American journalist and politician (1946–2024)

James E. Shaw (October 30, 1946 – July 5, 2024) was an American politician. He served four terms as mayor of Rapid City, South Dakota, from 1997 to 1999, from 1999 to 2001 and again from 2003 to 2005 and from 2005 to 2007. Economic development of Rapid City was a main focus of his administration.

==Biography==
Shaw was born October 30, 1946, in Elmira, New York. He grew up in Dundee, New York, and attended the State University of New York at Fredonia and the South Dakota School of Mines and Technology.

Prior to being elected mayor, Shaw was a radio personality and television news anchor on KOTA-TV in Rapid City.

Shaw was part of a statewide, non-partisan effort to persuade the BRAC (Base Realignment Commission) to remove Ellsworth Air Force Base near Rapid City from the list of recommended closures in 2005, according to Pat McElgunn, Military Affairs Chairman of the RC Chamber of Commerce. Shaw, along with U.S. Senators Tim Johnson, John Thune, Representative Stephanie Herseth Sandlin and Governor Mike Rounds, testified before the BRAC committee public hearing in Rapid City in favor of keeping Ellsworth open. Later that summer, the BRAC voted to remove Ellsworth from the list of recommended closures, and Shaw called it "a grand and glorious day for our community."

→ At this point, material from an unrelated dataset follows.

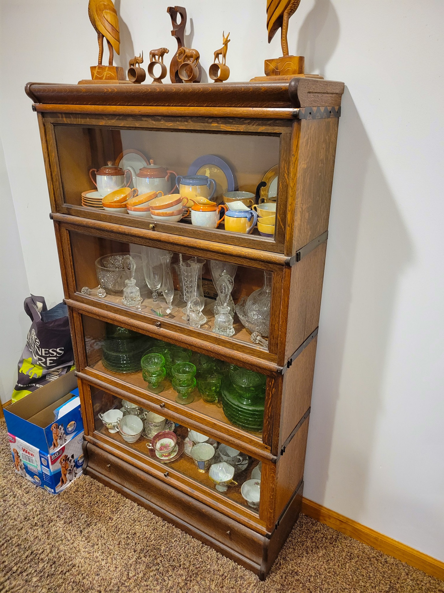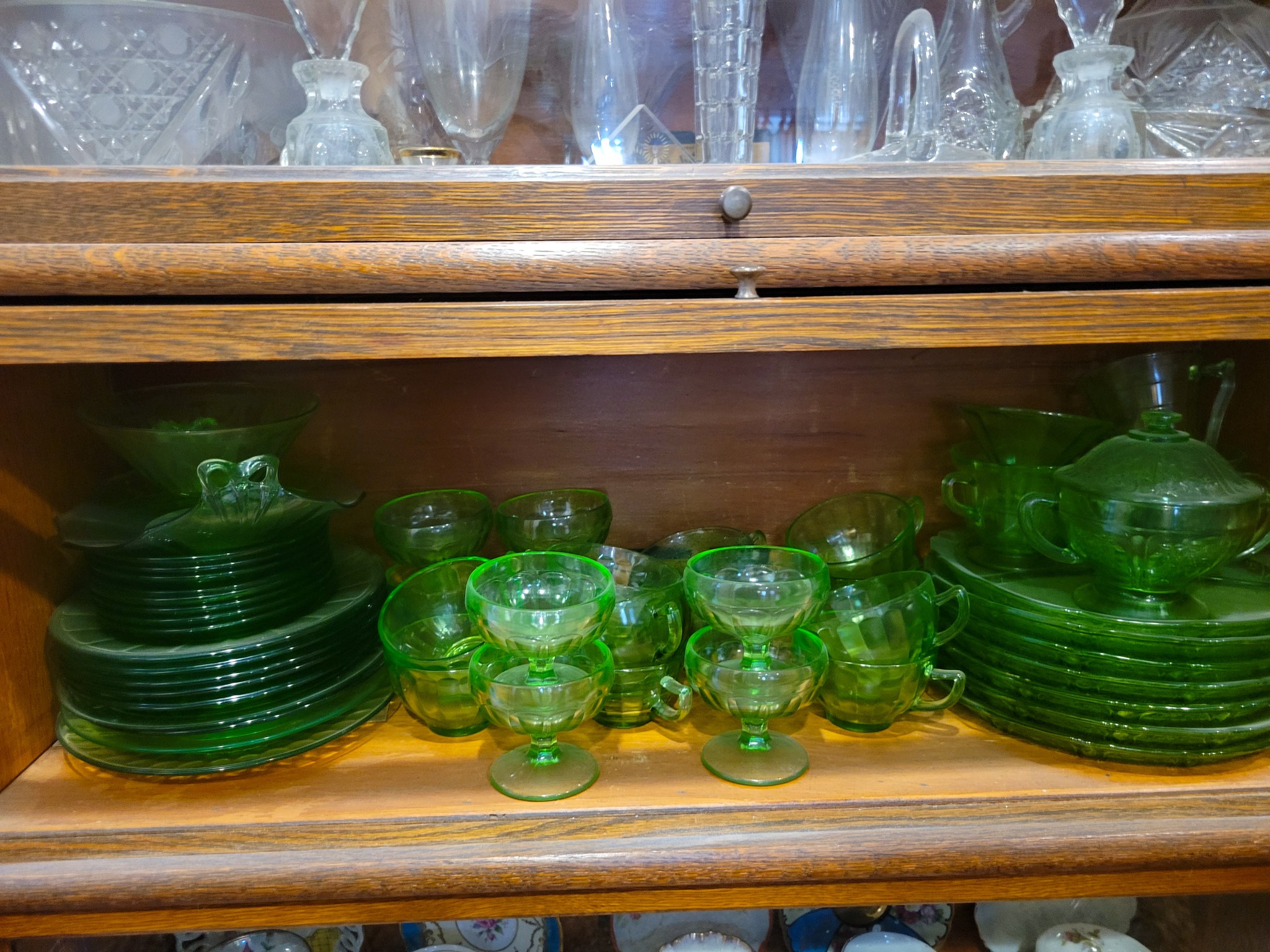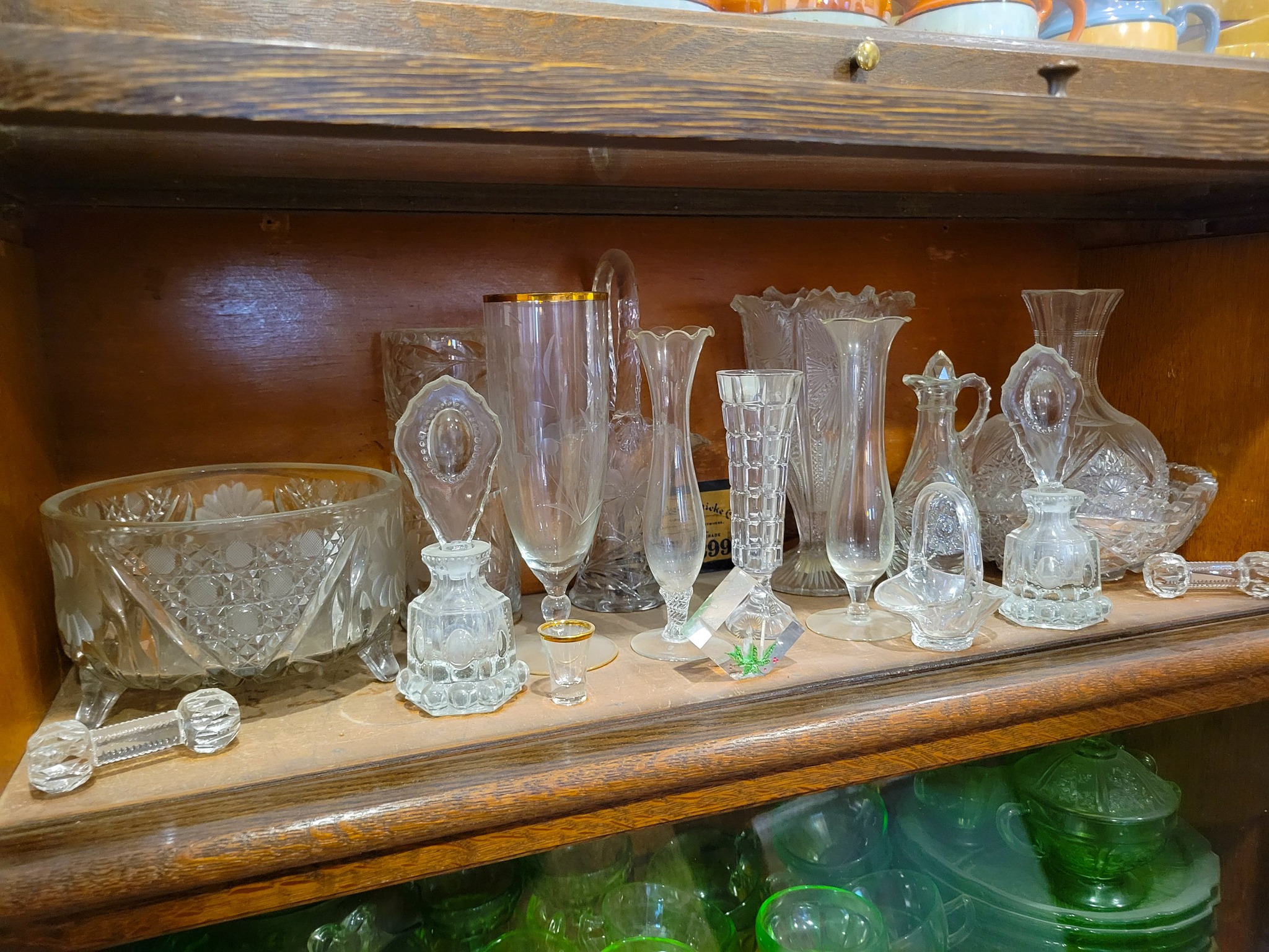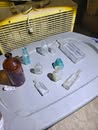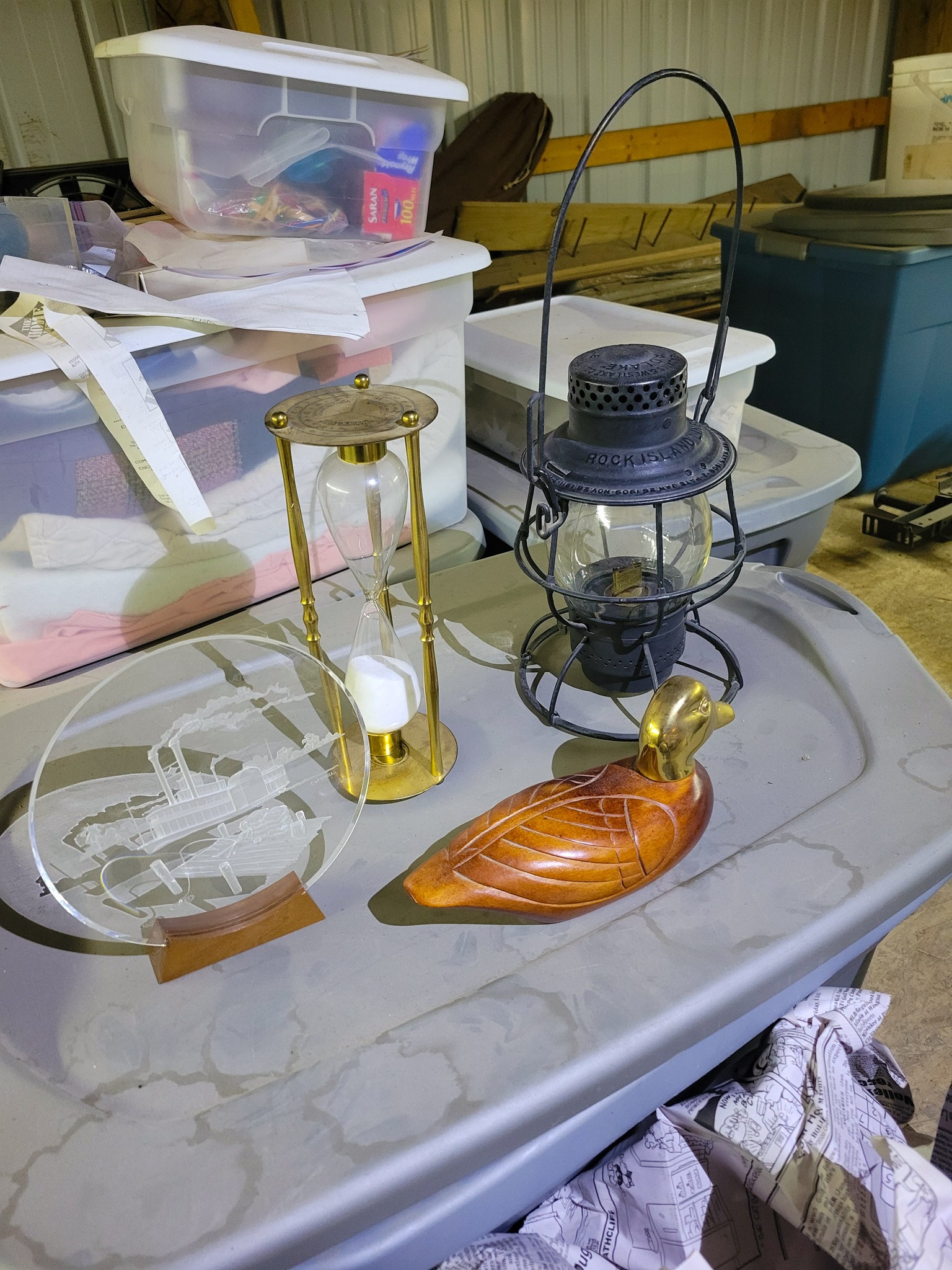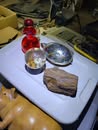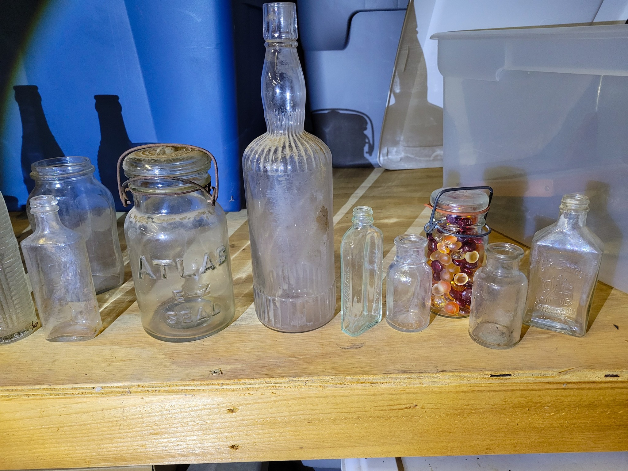 Antiques: Old bottles / small bottle collection, old lanterns, petrified wood.

Shaw was arrested on August 11, 2006, and charged with disorderly conduct and resisting arrest. He claimed that police officers overreacted, and was banned for life from the Iowa State Fair, where the incident occurred. He initially pleaded not guilty, but later pleaded guilty and was fined.

In 2009 Shaw was part of a group that purchased the Black Hills Speedway and planned to renovate it in order to attract more visitors. In early January 2010 the Rapid City Journal named him as one of the "Ten in 2010"—ten local residents to watch in the year to follow because they were expected to make news.

Shaw was arrested again in 2012, this time in Rapid City, for speeding. He was also charged with obstruction and failure to yield. Then in 2014, Shaw was fined for disturbing an election. Shaw stated later that year that he was struggling to manage diabetes, on which he blamed his legal troubles.

Shaw died on July 5, 2024, at the age of 77.